What to work on: Data follows below. Repeat exactly the lines between the line holding "Shiny Clawitzer’s color, much" and the line holding "Le entregué su", inclusive, and nothing more; drop pictures.

··· Data to use

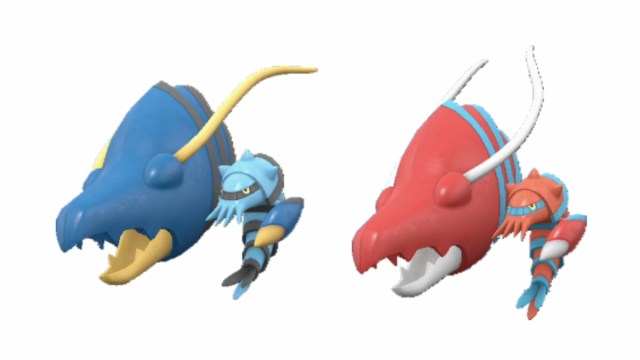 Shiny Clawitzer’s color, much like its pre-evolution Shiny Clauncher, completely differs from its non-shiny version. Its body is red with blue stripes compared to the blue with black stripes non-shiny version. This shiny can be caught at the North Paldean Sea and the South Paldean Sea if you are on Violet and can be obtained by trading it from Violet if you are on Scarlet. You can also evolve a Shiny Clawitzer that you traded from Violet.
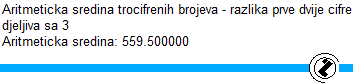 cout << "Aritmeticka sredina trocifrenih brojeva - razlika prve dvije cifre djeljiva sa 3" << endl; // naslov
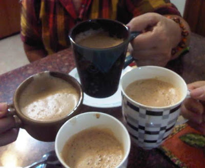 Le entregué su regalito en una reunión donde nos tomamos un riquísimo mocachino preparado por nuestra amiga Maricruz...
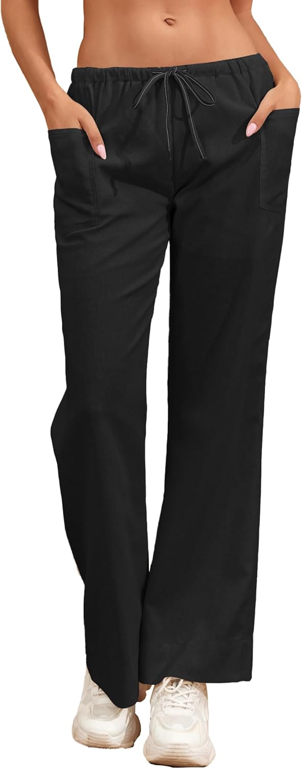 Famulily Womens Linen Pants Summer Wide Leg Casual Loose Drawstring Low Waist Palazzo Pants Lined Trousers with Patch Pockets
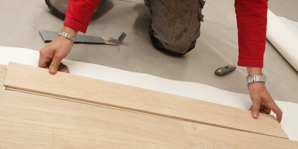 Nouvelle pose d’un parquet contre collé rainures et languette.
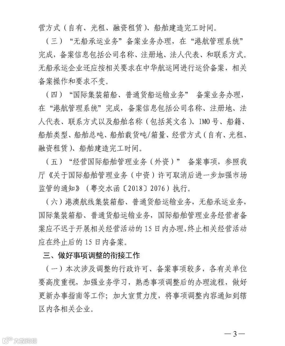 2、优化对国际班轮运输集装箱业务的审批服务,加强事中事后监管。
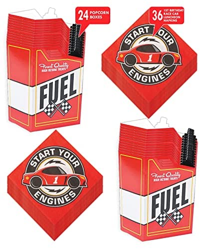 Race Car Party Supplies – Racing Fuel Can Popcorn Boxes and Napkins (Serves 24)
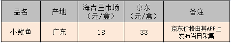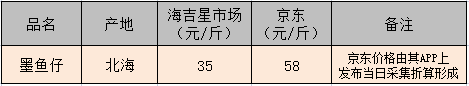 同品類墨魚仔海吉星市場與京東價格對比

······
··· Data to use

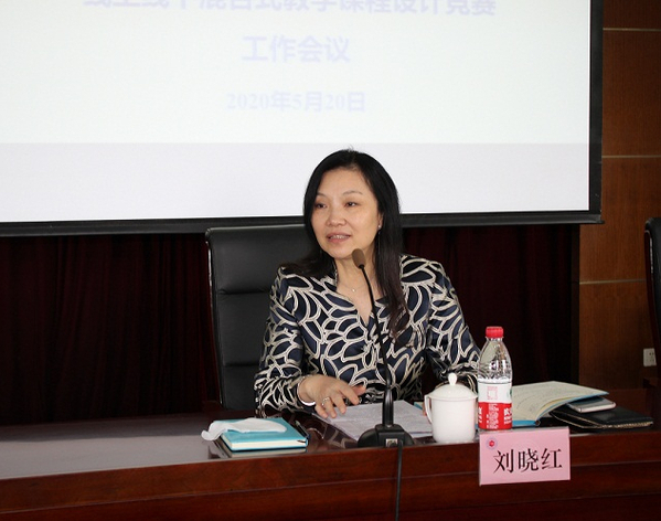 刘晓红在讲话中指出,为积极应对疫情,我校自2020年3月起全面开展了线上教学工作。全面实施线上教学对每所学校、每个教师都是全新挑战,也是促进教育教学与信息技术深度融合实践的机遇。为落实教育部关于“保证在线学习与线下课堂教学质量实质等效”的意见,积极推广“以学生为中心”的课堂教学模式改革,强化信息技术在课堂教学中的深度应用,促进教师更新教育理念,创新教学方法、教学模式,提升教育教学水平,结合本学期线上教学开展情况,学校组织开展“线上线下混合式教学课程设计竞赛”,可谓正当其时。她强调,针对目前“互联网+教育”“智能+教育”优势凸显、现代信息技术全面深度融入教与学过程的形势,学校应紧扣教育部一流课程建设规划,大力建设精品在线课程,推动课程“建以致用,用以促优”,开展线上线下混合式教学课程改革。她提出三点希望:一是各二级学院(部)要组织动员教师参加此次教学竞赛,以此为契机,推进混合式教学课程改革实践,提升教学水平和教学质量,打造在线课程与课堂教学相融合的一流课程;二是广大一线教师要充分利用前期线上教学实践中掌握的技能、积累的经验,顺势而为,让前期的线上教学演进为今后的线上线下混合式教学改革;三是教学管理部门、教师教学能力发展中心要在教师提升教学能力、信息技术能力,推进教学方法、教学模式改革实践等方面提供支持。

······

Result for this task:
 Shiny Clawitzer’s color, much like its pre-evolution Shiny Clauncher, completely differs from its non-shiny version. Its body is red with blue stripes compared to the blue with black stripes non-shiny version. This shiny can be caught at the North Paldean Sea and the South Paldean Sea if you are on Violet and can be obtained by trading it from Violet if you are on Scarlet. You can also evolve a Shiny Clawitzer that you traded from Violet.
 cout << "Aritmeticka sredina trocifrenih brojeva - razlika prve dvije cifre djeljiva sa 3" << endl; // naslov
 Le entregué su regalito en una reunión donde nos tomamos un riquísimo mocachino preparado por nuestra amiga Maricruz...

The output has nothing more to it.